# Do you draw Yiffy pictures-?



## Coug (Apr 7, 2009)

Do you draw Yiffy pictures-
or anything you're actually not very comfortable with(I mean,like some fetishes and stuff)-
because it will get you/got you some money?


----------



## krisCrash (Apr 7, 2009)

I probably wouldn't draw anything I wasn't comfortable with just because of money, but definitely things I found silly or uninteresting, like 3 foot dicks.

As a client, I don't think I'd buy a porn picture from an artist that wasn't usually doing smut, the quality of the genitals they draw will probably be low.


----------



## Charrio (Apr 7, 2009)

Lol,  Guilty

I draw alot of things i wouldn't normally do for cash, i gotta eat and like Alcohol and Hair Cuts, Porn will always be a seller.


----------



## Sarakazi (Apr 7, 2009)

looooooool yes.


----------



## Panzermanathod (Apr 8, 2009)

Sure, I wouldn't mind a bit of recognition and knowing that people know and maybe become fans of a few of the few of the many characters I have made.

But I don't do yiff art.


----------



## Nightingalle (Apr 8, 2009)

I don't draw things I'm not comfortable with (almost every fetish >>) because I don't like it.  I can't even do it for commissions :\  I do draw pornographic art though, but only things I want to draw or things I'm comfortable with.  
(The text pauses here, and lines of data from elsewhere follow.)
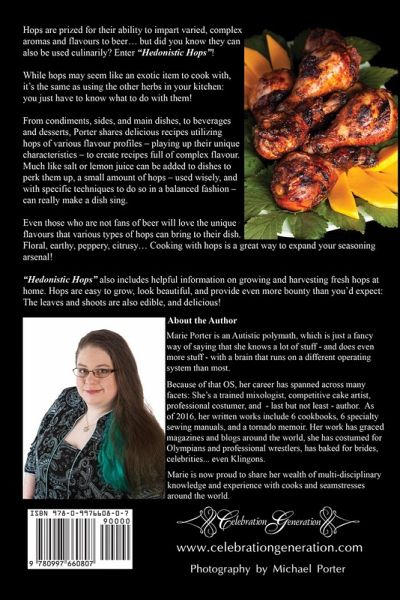 Hops are prized for their ability to impart varied, complex flavours to beer... but did you know they can also be used culinarily? As a recipe developer / cookbook author married to an enthusiastic hophead, Marie Porter has created many amazing recipes featuring the bitter flower. These recipes have been wildly popular not only with her friends and family, but on her food & lifestyle blog, Celebration Generation. Now, she has developed an entire cookbook of hop recipes - the first of its kind! While hops may seem like a bizarre or exotic item to cook with, it's the same as using other herbs and spices in your kitchen... you just have to know what to do with them! From condiments, sides, and main dishes, to beverages and desserts, Porter shares delicious recipes utilizing hops of various flavour profiles - playing up their unique characteristics - to create recipes full of complex flavour. . Much like salt or lemon juice can be added to dishes to perk them up, a small amount of hops - used wisely, and with specific techniques to do so in a balanced fashion - can really make a dish sing. Even those who are not fans of beer will love the unique flavours that various types of hops can bring to their plate. Floral, earthy, peppery, citrusy... Cooking with hops is a great way to expand your seasoning arsenal! "Hedonistic Hops" includes helpful information on growing and harvesting fresh hops at home. Hops are easy to grow, look beautiful, and provide even more bounty than you'd expect: The leaves and shoots are also edible, and delicious! Hedonistic Hops includes recipes for using not only the cone/flower of the hop plant, but also the leaves and shoots. Spoiler: Hop leaves taste even better than grape leaves! In addition to home grown hops,"Hedonistic Hops" contains straight forward information on how to obtain and use the various forms of commercially available hops - Fresh, dried, and pellet. Hedonistic Hops: The HopHead's Guide to Kitchen Badassery includes over 50 recipes, and feature gorgeous full colour photography for each recipe. Measurements are provided in both US and metric units.
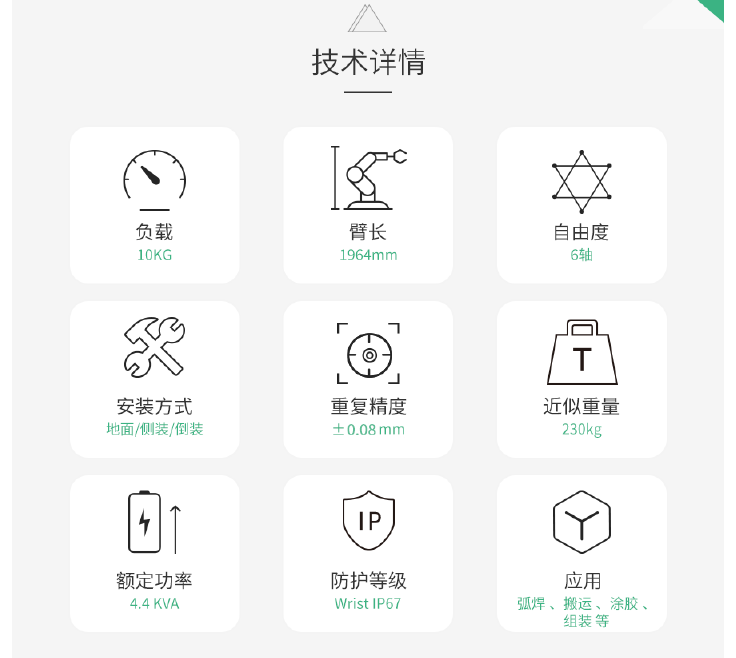 网站首页 > 产品展示 > 工业机器人 > 现代HA010L 6轴 负载10kg 工作域1964mm 弧焊/上下料/搬运 通用机器人 2023-05-27 机器人网 0 百度一下 2023-05-27 机器人网 0 百度一下 适合行业 工业机器人 发布作者 机器人网 最近更新 2023-05-27 18:18:20 概述: 文章详情 品牌名称Hyundai 联系我们: 现代机器人投资(上海)有限公司 ☉本站某些信息具有时效性,若有错误或已失效,需要更改请留言修改
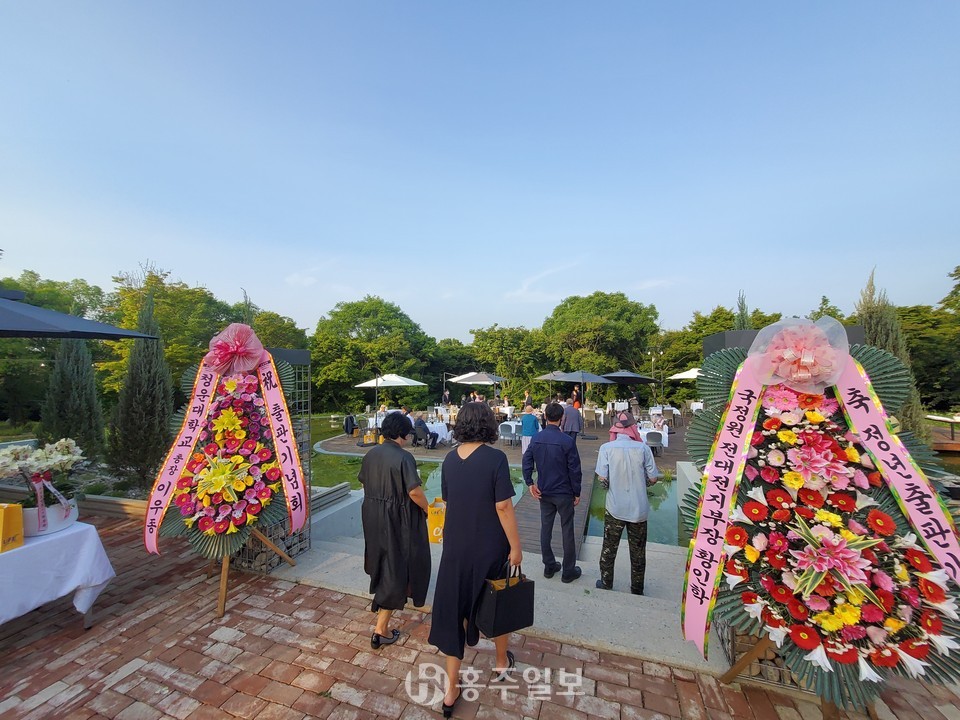 ㈜홍주일보사가 주최하고 청운대학교 영어과 동문회가 주관한 이날 행사에는 이우종 청운대학교 총장을 비롯한 청운대학교 교수진과 관계자, 이용록 홍성군수 당선자, 이상근 충남도의원 당선자, 한관우 ㈜홍주일보사 대표이사, 한기원 편집국장 등 수많은 내·외빈이 참석해 자리를 빛냈다.
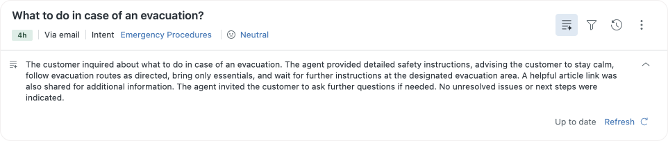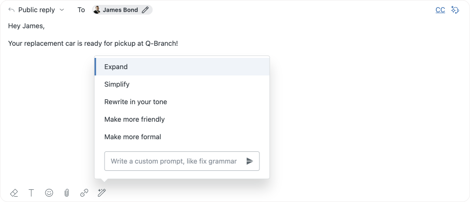 Even without using any of your knowledge or procedures, writing tools help your agents with writing reactions. They can shift a message's tone from casual to professional. They can shorten a lengthy comment, or they can turn a few short lines into a longer, more friendly reaction. Or they can use custom prompts to write, translate and transform their comments.
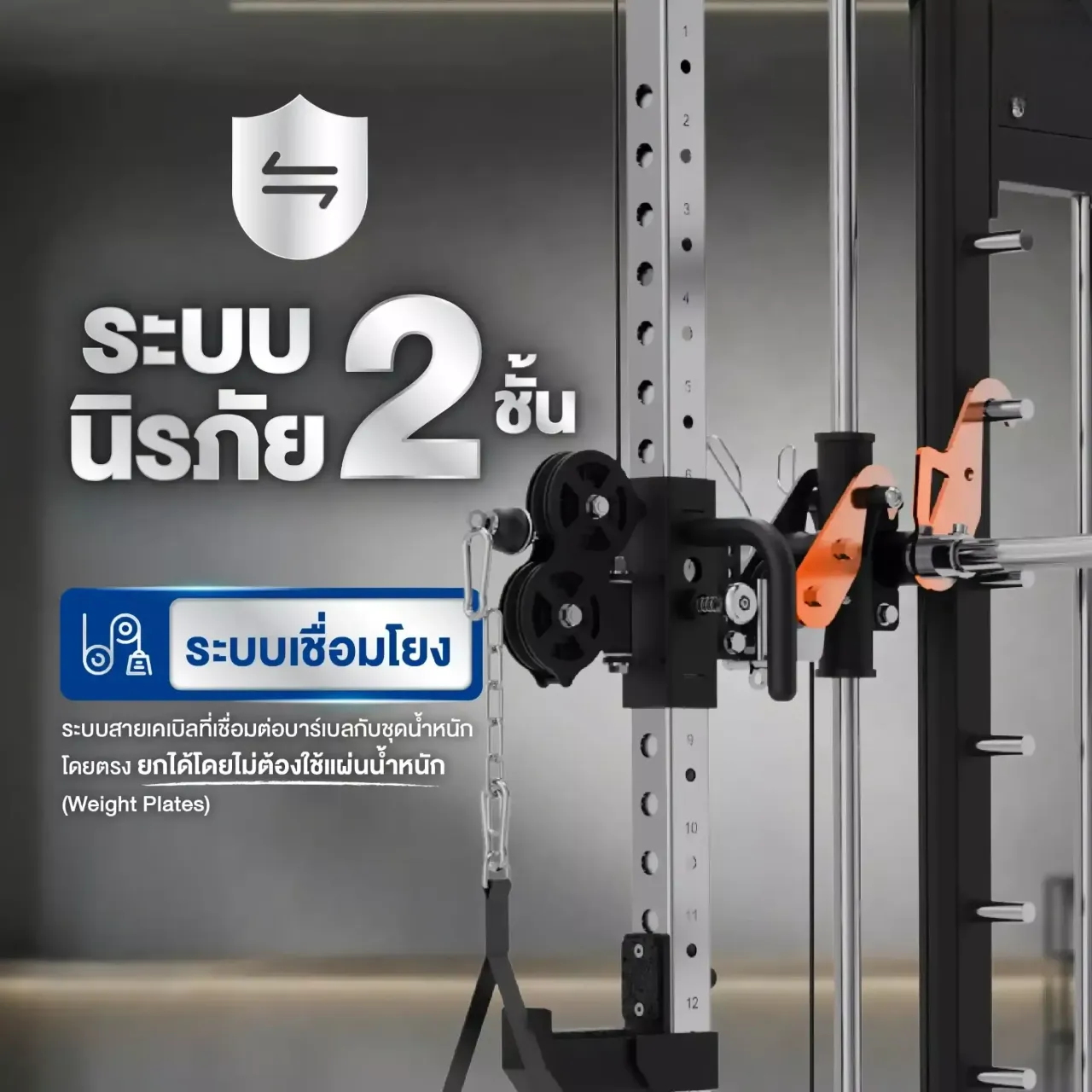 รวม Smith Machine, Dual Pulley และ Half Rack ช่วยให้ฝึกได้ครบทุกมัดกล้าม - ระบบความปลอดภัยแบบ Double Safety
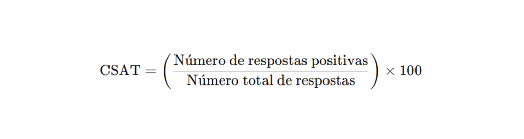 A fórmula básica para calcular o CSAT envolve a soma das respostas positivas de um questionário de satisfação, dividida pelo total de respostas recebidas, multiplicada por 100 para obter uma porcentagem.
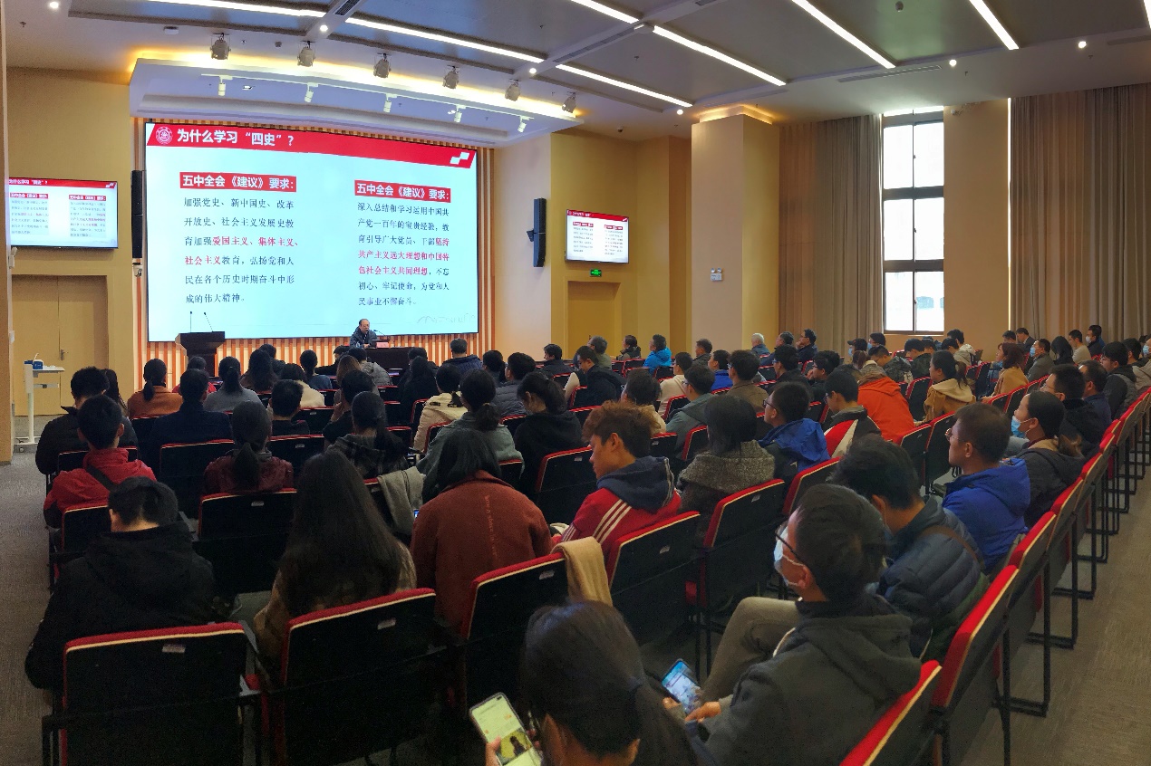 为扎实推进“四史”学习教育,12月9日下午,公司党委书记梁齐围绕“学四史、守初心、担使命”的主题,在理科群楼300号报告厅为近两百名师生党员上党课,公司党委副书记殷洁主持。
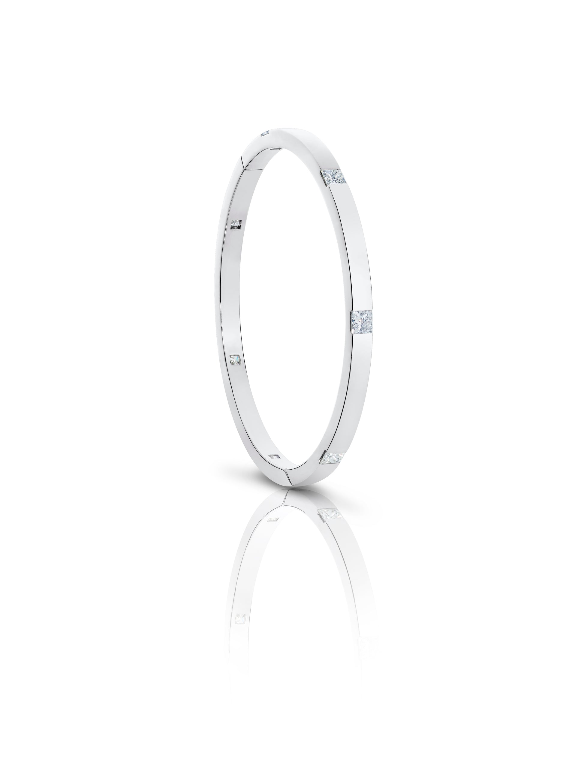 Sophisticated and chic, this bangle features six princess-cut diamonds totaling 1.73 carats, crafted in 18kt white gold. Wear solo or stack along with your favorite pieces.
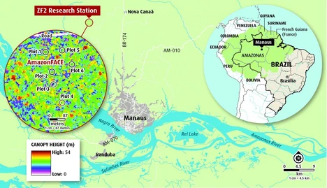 The experiment consists of six 30 m diameter plots, three of which are maintained at ambient CO2 concentrations, and the other three are kept at elevated (+200 ppm) CO2 concentrations for at least ten years. The research site is a plateau at the ZF2 research station, with vegetation and soil representative of a dominant fraction of Amazonia’s forests. Experimental plots comprise stands of 30-m tall trees on deep, well-drained clay Ferralsols.

(btw, hi Bluecougar :3  This is Killress, I wonder if you remember me..!)


----------



## HyenaIsSpider (Apr 8, 2009)

I've done a couple castration pics. 
... and right now I'm in the process of coloring a diaper pic for monies. X3


----------



## DrZed (Apr 8, 2009)

As said in my userpage, i don't take commissions. Just out of principle. Art is art, you know. Yet i won't draw what i don't want to.


----------



## Salrith (Apr 8, 2009)

My art isn't good enough for selling anything, yet.
Eh, who am I kidding, my art isn't good enough for _viewing_ yet *grins*
But I'd draw anything, unless it would stop me sleeping at night or such... If it comes out bad, heck, it's not like it's a step down hehehe


----------



## Ratte (Apr 8, 2009)

No.

My art isn't good enough for porn, AND I'm not old enough to make it.


----------



## DarknessHaven (Apr 8, 2009)

Hehe, Well, I'm not that great but I enjoy drawing Yiff.

I don't draw what I don't like though the fact that i'm rather open minded and won't say no to almost any fetish except mabey a small pawful.

Plus I don't draw females... 

I have yet to get a commission so we'll see what I have to draw. X3


----------